Although Maestro delves into Leonard Bernstein’s marriage with Felicia Montealegre, it also delves into the romantic relationships the conductor had with several men over his lifetime. Nevertheless, Maestro emphasizes the deep closeness between Bernstein and Montealegre.
During an interview on American Masters in 1997, Jamie Bernstein, the couple’s daughter, emphasized the enduring strength of their friendship, highlighting how they continued to make each other laugh and share stories they were both passionate about. Despite a decrease in romantic passion over time, her parents’ unwavering friendship prevailed as the cornerstone of their relationship.
Felicia Montealegre passed away in 1978 after battling cancer.
shedding light on Felicia Montealegre’s life, which ended prematurely due to cancer on June 16, 1978, at the age of 56, as reported by The New York Times.”
After Montealegre was diagnosed with breast cancer and had a mastectomy in 1974, the couple’s marriage started to suffer, as reported by The New York Times. Bernstein and Montealegre separated when her cancer resurfaced in 1976, and at that time, the conductor was living in New York City with music researcher Tom Cothran, according to HuffPost. However, upon hearing about Montealegre’s diagnosis, Bernstein moved back into their family home. As illustrated in the Maestro, Bernstein took care of her until her passing, which led to various publications highlighting the conductor’s overwhelming guilt.
Jamie Bernstein, the eldest daughter of Bernstein and Montealegre, revealed in an essay for Time that Bradley Cooper immersed himself in her book, Famous Father Girl: A Memoir of Growing Up Bernstein, in order to get ready for the film. Cooper was deeply influenced by Jamie’s touching depiction of her mother’s death, incorporating a number of her recollections into the screenplay.
Jamie expressed that writing about this period was incredibly challenging and that the memories were deeply buried.

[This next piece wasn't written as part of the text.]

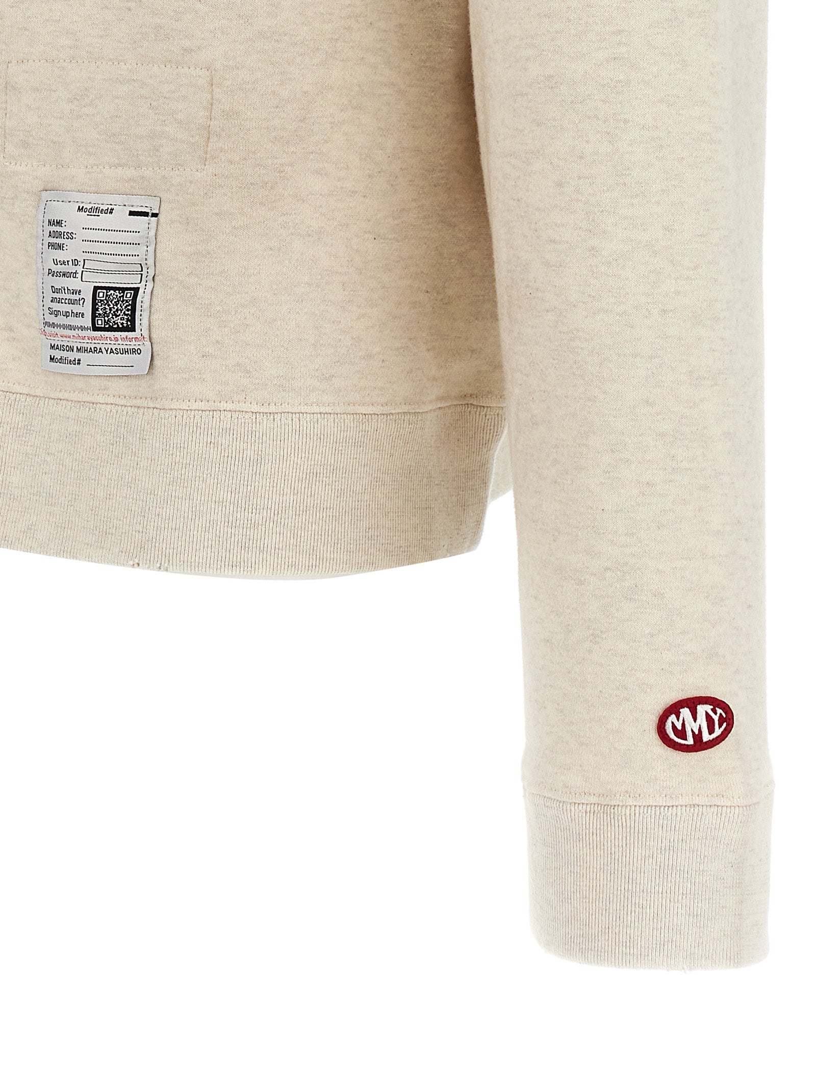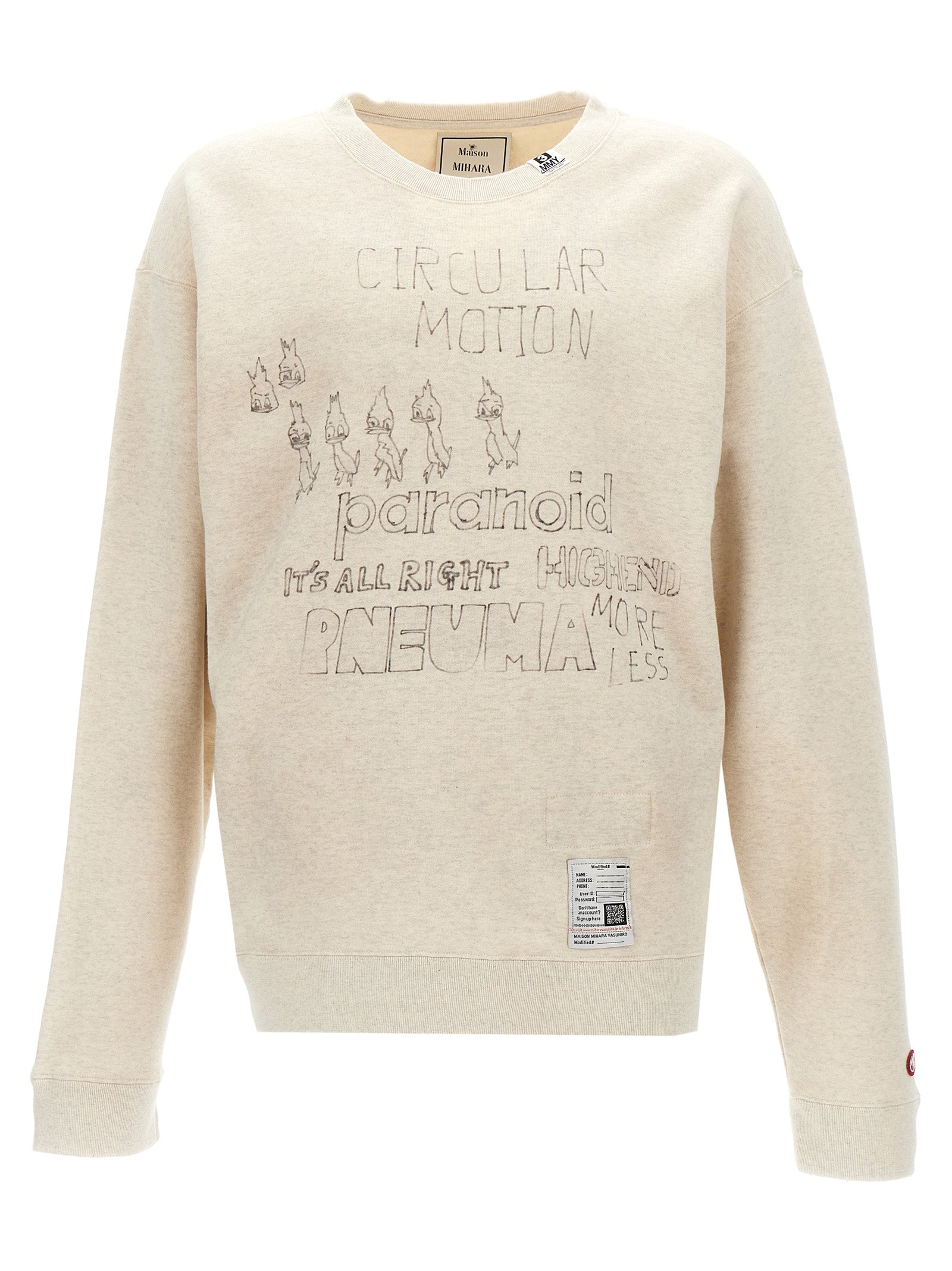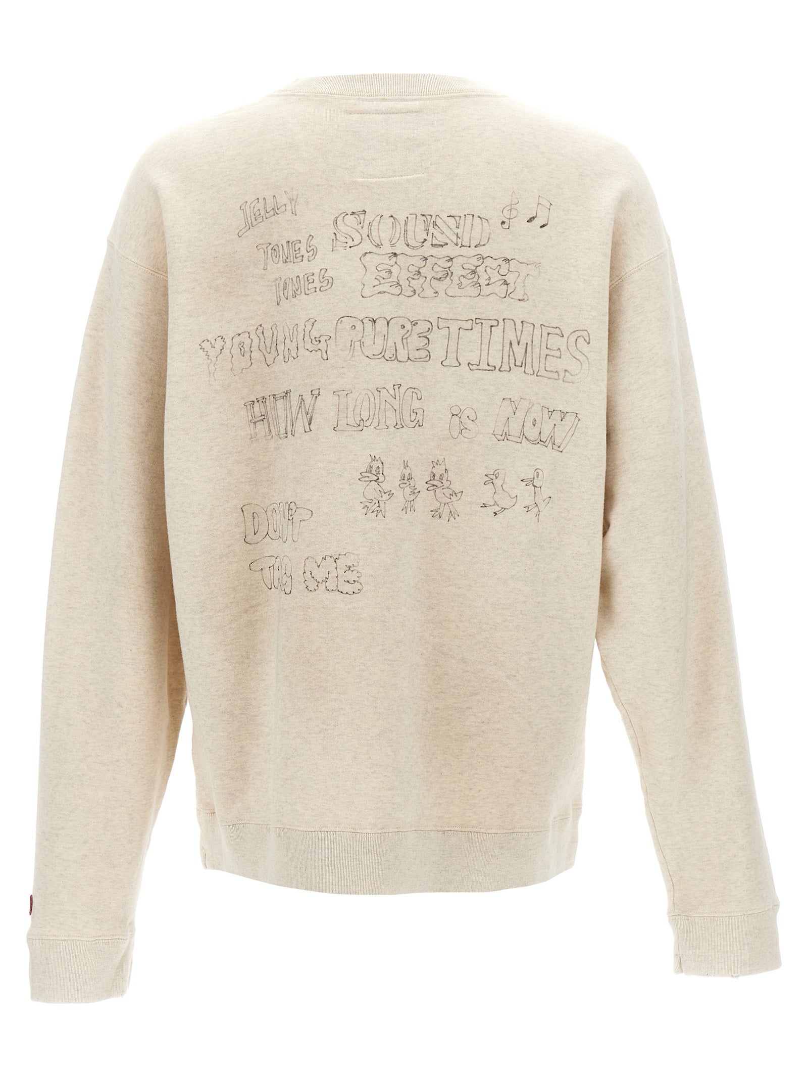 Felpa di cotone con stampa sulla parte anteriore e posteriore, dettagli angosciati, collo dell'equipaggio, maniche confuse lunghe.

However, the discovery of a journal forty years later provided a poignant recollection of the last meaningful conversation with their mother. Holding hands, the mother imparted a profound message: “Remember, the most important thing is kindness. Kindness, kindness, kindness.”
Jamie mentioned that the dramatization of her mother’s passing had a profound impact on showcasing the healing that occurred in her parents’ relationship. It was a remarkable display of transformation, as her mother, who had experienced anger, remorse, and love, ultimately chose love as her final emotion. Jamie articulated that Bradley Cooper truly comprehended the significant meaning behind Felicia’s words and skillfully utilized them to convey the concept of forgiveness from Felicia to Lenny. Through her last breath, Felicia’s love encompassed Lenny, enabling her to perceive the genuine depths of his sorrow and complexity.